On the 4.3's it's caused by a partially stuck open EGR valvee. The quick fix it to use a screened EGR gasket available at most any parts store these days. It is/was a well known problem that the EGR ports from the exhaust ports up the the EGR passage in the intake would get carbon buildup in them and periodically small bits of carbon would break loose and get caught in the EGR valve, thus it can't fully close when commanded (at idle) and thus the open valve causes a rough idle. The invented screened gasket prevents the carbon from getting into the EGR.

The correct fix is it remove the intake and clean out the exhaust passages through the intake but at a much higher cost than simply using the screened gasket deal.


----------



## Mr.Markus

Perfect.... my wife's jimmy has had these carbon build ups for yrs. Knew what it was and how to clean but didn't know about the screened gasket. Thanks BB!!! (I call it a valvee thingy too)LOL


----------



## 00bluegtp

well it turned out to be a serious amount of carbon build up on the intake valves. Thry did te decarbonizing at the shop and it runs amazing.


----------



## brad96z28

serious carbon on a 20 k mile motor?


----------



## 00bluegtp

yea i dont understand that either. ahhh... But i drove it for 500 miles since i got it back and it was fine. Now its back to running like **** and the guy charged me $600. wtf. what could be wrong with this thing and why would it have run like a clok for 500 miles and then **** up again. It built up the carbon again?


----------



## RacingZR

00bluegtp;1043247 said:


> yea i dont understand that either. ahhh... But i drove it for 500 miles since i got it back and it was fine. Now its back to running like **** and the guy charged me $600. wtf. what could be wrong with this thing and why would it have run like a clok for 500 miles and then **** up again. It built up the carbon again?


Nice guy


----------



## B&B

What did a $600 decarbonizing consist of? Should be details on the repair order.


----------



## 00bluegtp

yea three hours worth of labor and $120 for the BG induction cleaner. I live in wstchester county NY where everything is more expensive than anywhere else.


----------



## B&B

Still don't know all the details and I'm not one to point fingers but it all sounds fishy. $600 for a de-carbon? Hope that included physically removing and cleaning the intake for that cost. I also don't buy for one second that the extreme rough idle was caused by carbon buildup on the intake valves. It takes an _extreme_ amout to grossly affect the idle and that's tough to swallow on an engine with only 20K.
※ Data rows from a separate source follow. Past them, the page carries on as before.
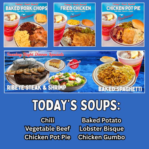 Enjoy home cooked meals daily and Boulineau's FAMOUS fried chicken
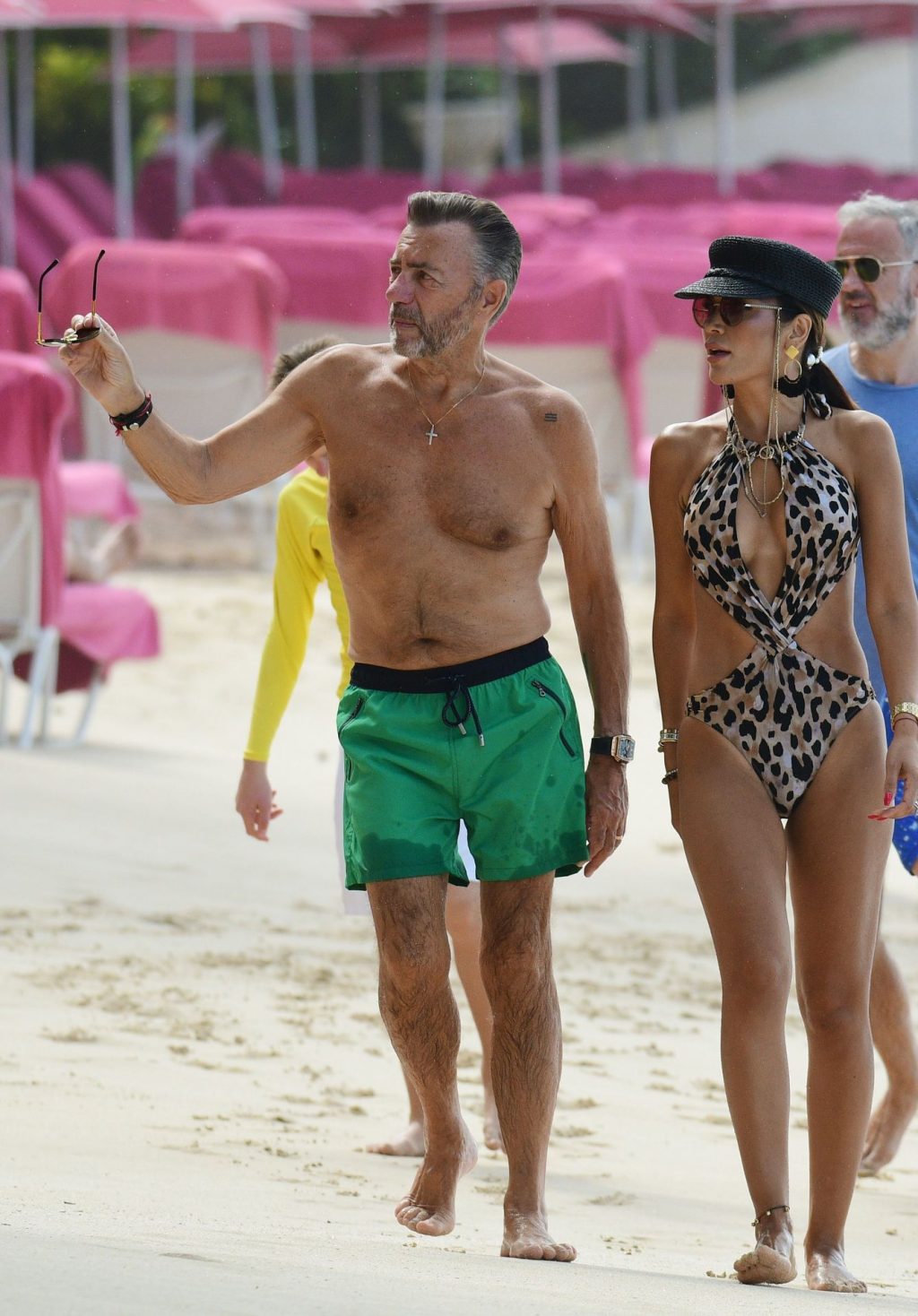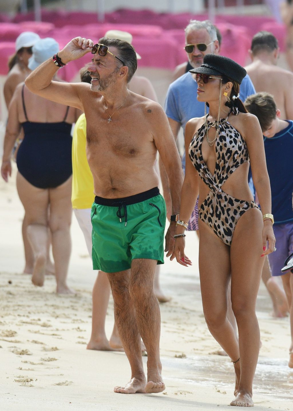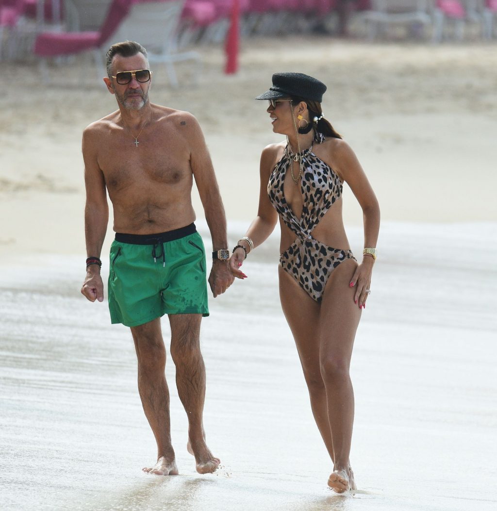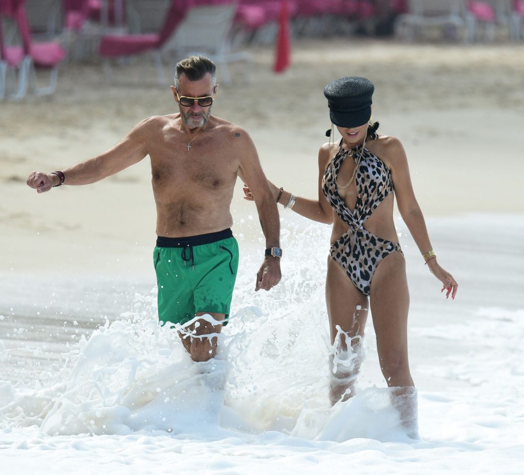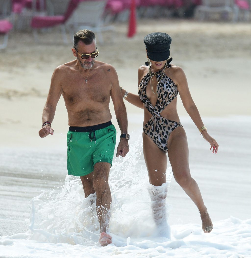 Imprenditore scozzese, Duncan Bannatyne e sua moglie Nigora Bannatyne fanno un figurone sulla spiaggia e si divertono al sole durante una vacanza a Barbados, 29/12/2019.
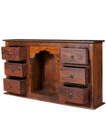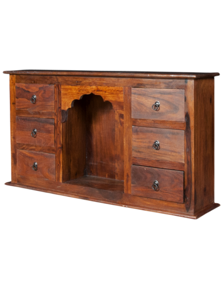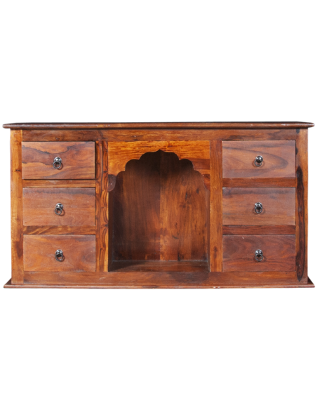 Bring an exotic touch to your interior with the MAHALA solid wood dresser. The central niche makes us travel and takes us straight to the land of Maharajahs, it is the ideal place to deposit a statue or a frame. The véinages of the wood stand out beautifully on this piece and the six drawers provide significant storage space. Placed on the floor, on a large desk or suspended on a wall, this small sideboard is a timeless piece that will perfectly dress a living room or a dining room.
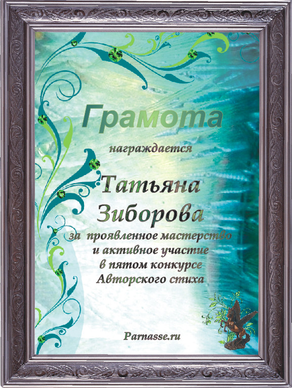 Диплом за 5 место в конкурсе Поэтических фантазий в номинации
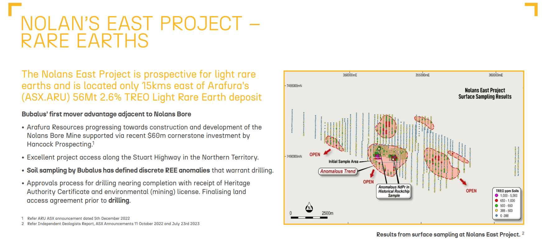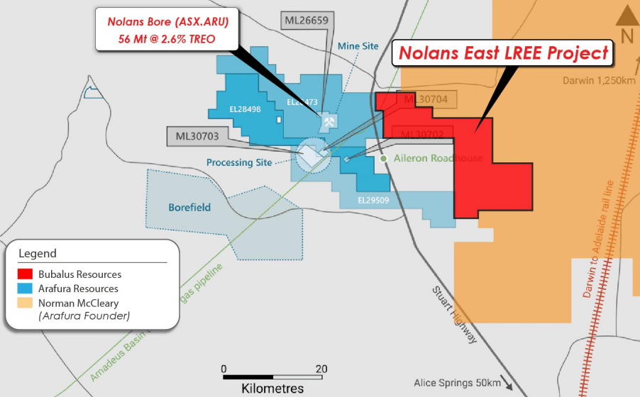 In the Northern Territory, our portfolio company Bubalus Resources (ASX: BUS), holds ground directly beside ARU’s $1 billion-plus Nolans Project, conveniently named Nolans East.
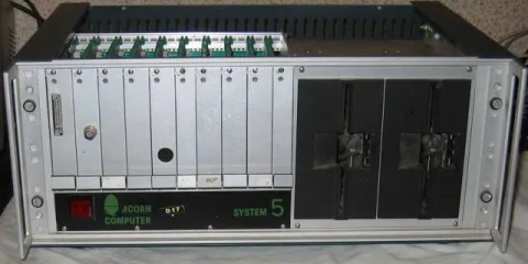 The Acorn System 5 was the final Acorn rack-mounted system, released in 1983. It was mounted in an extra-height single 19" frame, which could accommodate two vertically mounted 5" floppy drives, with either seven or ten Eurocard slots. It came complete with a power supply, and was only available fully assembled. As standard it had a 1 MHz 6502, 32K DRAM, a disk controller, and either the 80x25 or the Teletext 40x25 VDU cards. Customers could choose which cards to install in the remaining slots, including interface cards, an additional 16K DRAM card, and/or an Econet network adapter; they could also choose to upgrade the processor board to a faster 2 MHz 6502 board.
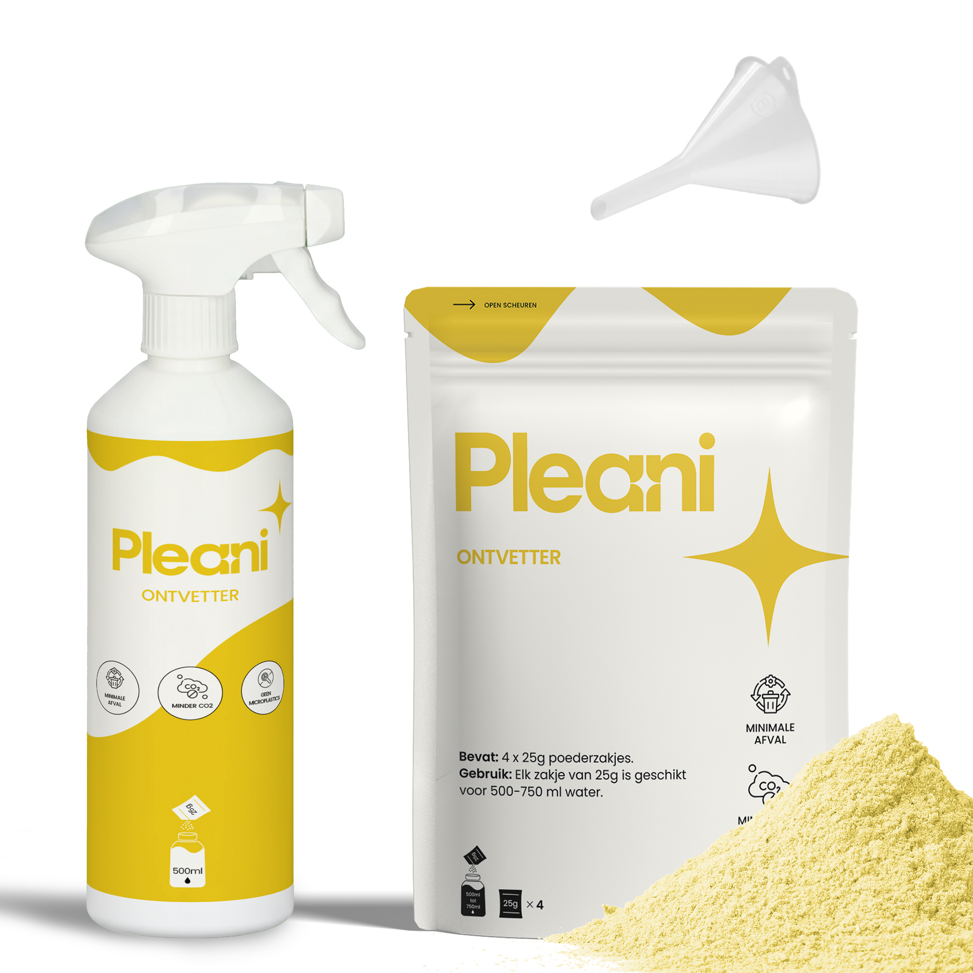 Pleani maakt het schoonmaken toekomstbestendig. Wat als schoonmaakmiddelen geen afvalprobleem zouden zijn, maar juist een deel van de oplossing? Met onze poedervormige navullingen bespaar je ruimte, afval en geld. Je hergebruikt de fles, voegt poeder en water toe - zonder overbodige toevoegingen, met focus op gemak en impact, gemaakt in Nederland.
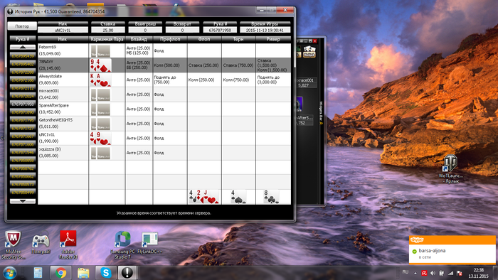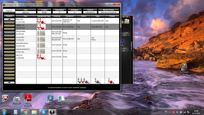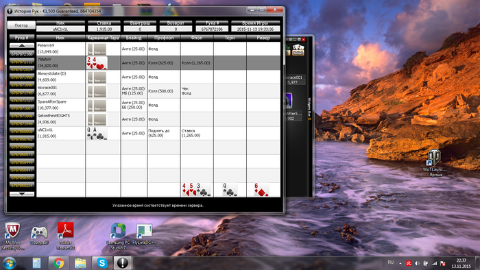 Уже давно рождались сомнения касательно Титан рума, но на фоне последних событий в скринах, терпение начинает реально заканчивается. Неужели так может заходить одному и тому же челу в турике за 20 евро.. Конечно не прореговский лимит, но и не совсем фишовый. Обращайте внимание на время и последовательность раздач. Очень хочется услышать адекватные комменты. Такие ситуации возникают не первый раз, но на этом турике решил уже фиксировать.
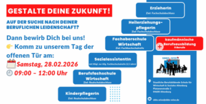 Die Staatliche Berufsbildende Schule Wirtschaft und Soziales (SBBS WISO) Altenburg lädt am Samstag, dem 28. Februar 2026, von 09:00 bis 12:00 Uhr herzlich zum Tag der offenen Tür ein.
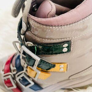 Light grey ankle boot with evergreen, red, and yellow straps.

Sounds more like they cleaned the carbon blockage from the EGR (original root issue I touched on previously) and did a quick FI clean procedure (the $120 job) and down the road you went. Also bet the rough idle is back do to the same situation the first time, carbon holding the EGR valve open. The 4.3 Vortecs were notorious for it, hence the invention of the screed gasket I spoke of before.


----------



## unit28

Hi fellas,
Hope i'm not being rude by posting on 00bluegtp's thread.
What I have 93 S-10 vine code R 2.3 litre 5 spd.

floods at start up
poor gpm
stutters after shifting then bogs down while accelerating, smooths out after letting up
clatter while accelerating like it has low octane
rough idle when sitting for awhile, 
sometimes idle will rev very high after shifting

check engine light is operational at start up but is not staying on for codes
I replaced plugs and wires, pcv
I've used Lucas injector cleaner and 104 octane as per label
will get fuel filter changed
any suggestions for this is appreciated


----------



## B&B

A 2.3 vin code R? Perhaps you meant 2.8? 

A fuel pressure test would be first on the list followed by checking running parameters with a scanner, checking specifically MAP readings and fuel trims.


----------



## unit28

yes 2.8 is what I meant to type. Thanks.
It was cooler this moring and was a pain to get started. But when it did it was all over on trying to idle, then all of a sudden it revved up like a banshee.
I'll find an ASE shop to help scan and test it

Thanks again.


----------



## 00bluegtp

well no its not the egr cause that has a block off plate on it. It seems now that after i do the tps relearn and iac relearn at the same time it runs fine for a couple days then starts doing the same **** again. I put on a new tps and still does the same thing. I also put on a new iac... still same thing. Could this be the computer? Or even the ICM? No the labor was for checking for vac leaks. smoke testing the lines and motor to see if it had lower intake leaks wich it didn't. Labor is expensive in these parts but still not happy with his work. I will not go back to him again.


----------



## unit28

I finally dragged mine to the shop. It just progressed itself into heavier stutters and no gas at the injectors on starting it. I changed the map out myself and it helped with the idle until now.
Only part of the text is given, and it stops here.